If anyone has watched at least one baseball game, you would have seen the abbreviation of "ERA." This abbreviation is seen when statistics of pitchers are being presented. It can be confusing for those who are not avid watchers of the sport to know exactly what that means and if a higher ERA statistic is good or if a lower ERA is good. In this blog, I will tell you exactly what this number means and why it is so important for pitchers to keep it on the lower side. 

What Is ERA?

First, it is good to know that ERA stands for "Earned Run Average." This means how many runs a pitcher is giving up during a game. The term was created by Harry Chadwick, who is also known as the "Father of Baseball." An earned run is any run scored by the opposing team that comes completely as a direct result from the pitcher; it does not consider when there are fielding errors. If there is an error in fielding, that would be called an unearned run and not go against the pitcher’s ERA. The ERA is based on how many runs they allowed throughout a nine-inning game. This gives them a good enough estimate to figure out a ballpark estimate of how that pitcher did for an entire season.

How ERA Is Calculated?

The way ERA is calculated is fairly simple. The formula is the total number of runs allowed divided by the total number of innings pitched multiplied by nine. This gives the average amount of runs that were given up per inning. ERAs are written to two decimal places and can be averaged for a pitcher throughout one season or throughout their entire career. 

Something To Consider

One extra piece of this calculation that some may not think of is if an inning ends for a pitcher with runners on base, this can still go against a pitcher’s ERA. Even though the runner did not score a physical run while the pitcher was still on the mound, the pitcher still allowed them to get on base while pitching to them. When a pitcher exits in the middle of an inning and the base runner scores while the new pitcher is on the mound, this will not go against their ERA because they were not the ones who pitched to that specific base runner. 

High Or Low ERA?

Since a pitcher’s main goal is to prevent the other team from scoring as many runs as possible, the lower the ERA, the better. Having a lower ERA means that they have allowed the opposing team to score fewer runs. The average ERA for a pitcher to have is around 4.00, and anything below it is considered good. Once you start getting lower than 3.00, the ERA is considered great. Anything below a 2.00 is considered extremely rare, and exceptional pitching has been done by this player.

On the other end, if a pitcher’s ERA is above a 5.00, this is considered awful, and they normally only pitch during blow-out games where their team knows there is no chance left for them to win, or they are sent back down into the minor leagues until they can get their ERA stats back down. One important fact to point out is it is next to impossible to have a zero ERA. Players can have a zero ERA listed; however, they are usually called undefined or infinite ERA’s. 

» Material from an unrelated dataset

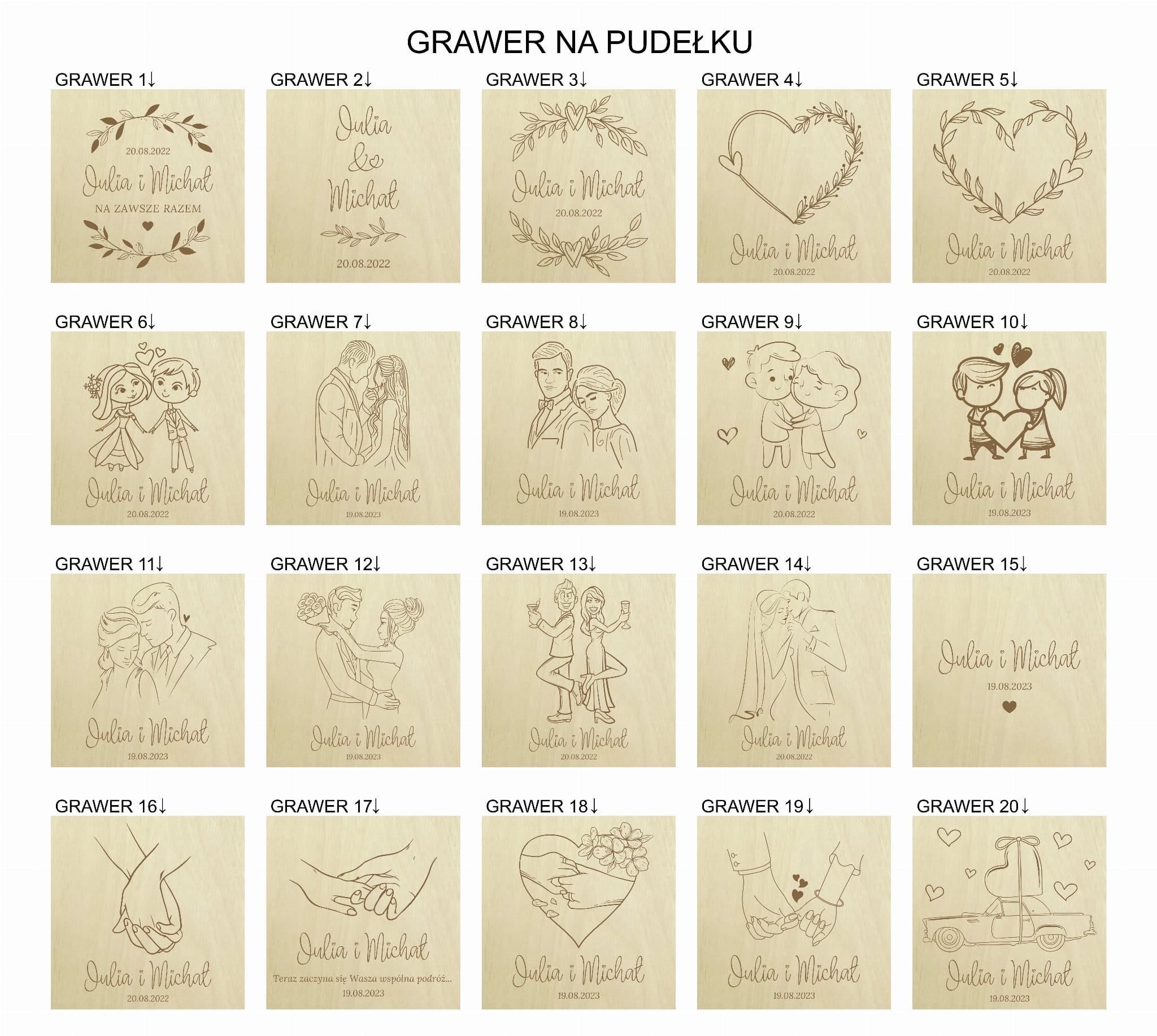 - 20 wzorów grawerów na pudełku

The only way you could see a player have a zero ERA listed is because the earned run results for ERA scores can be slightly higher than people initially think. This is because earned runs make up over 90% of the runs in baseball and unearned runs are extremely rare. This is why even if a pitcher can start out at zero at the beginning of the season, it will never end up staying this way after a couple of games. 

Is There A Difference Between Starters And Closers?

Sometimes, a closing pitcher's stats can seem very off from what a starting pitcher's stats look like. This is because a starting pitcher can be in the game for five to six innings, and they’ve paced themselves with their pitches. A closing pitcher usually only has one inning each game to pitch, so they are throwing much harder pitches and not pacing themselves. Even though the number of innings pitched in a week might be the same, their ERA’s can be very different because when a closer is pitching harder, they could give up many runs in a small amount of time causing their ERA’s to be much higher than a starting pitcher's ERA.

The opposite could also apply here. Since they have one inning to come out here and give it their all, it is very possible they give up little to no runs because their arm is completely rested. Compared to the pitcher who was out there for more than half of the game, the closer does not feel tired out causing their pitches to be at their peak and harder for a batter to hit. 

Flaws Within The ERA System

An ERA is the ideal evaluation for pitchers because it gives the basic idea of how well a pitcher does and how many runs he lets in on average. With everything pro, however, there are always some cons. Pitchers that do not have as strong of a defense behind them and only an average one will have a higher ERA than a pitcher who has a very strong defense behind him. This puts the pitcher with an average defense at a disadvantage because even though he is a great pitcher, the rest of his team would not be helping him out, causing his ERA to suffer. 

It is also hard to calculate accurate ERA’s in the National League of the MLB because they do not have designated hitters while the American League does. Since the National League does not have designated hitters, this tends to keep a pitcher's ERA lower than those in the American League. They have designated hitters, which again can become an unfair disadvantage. 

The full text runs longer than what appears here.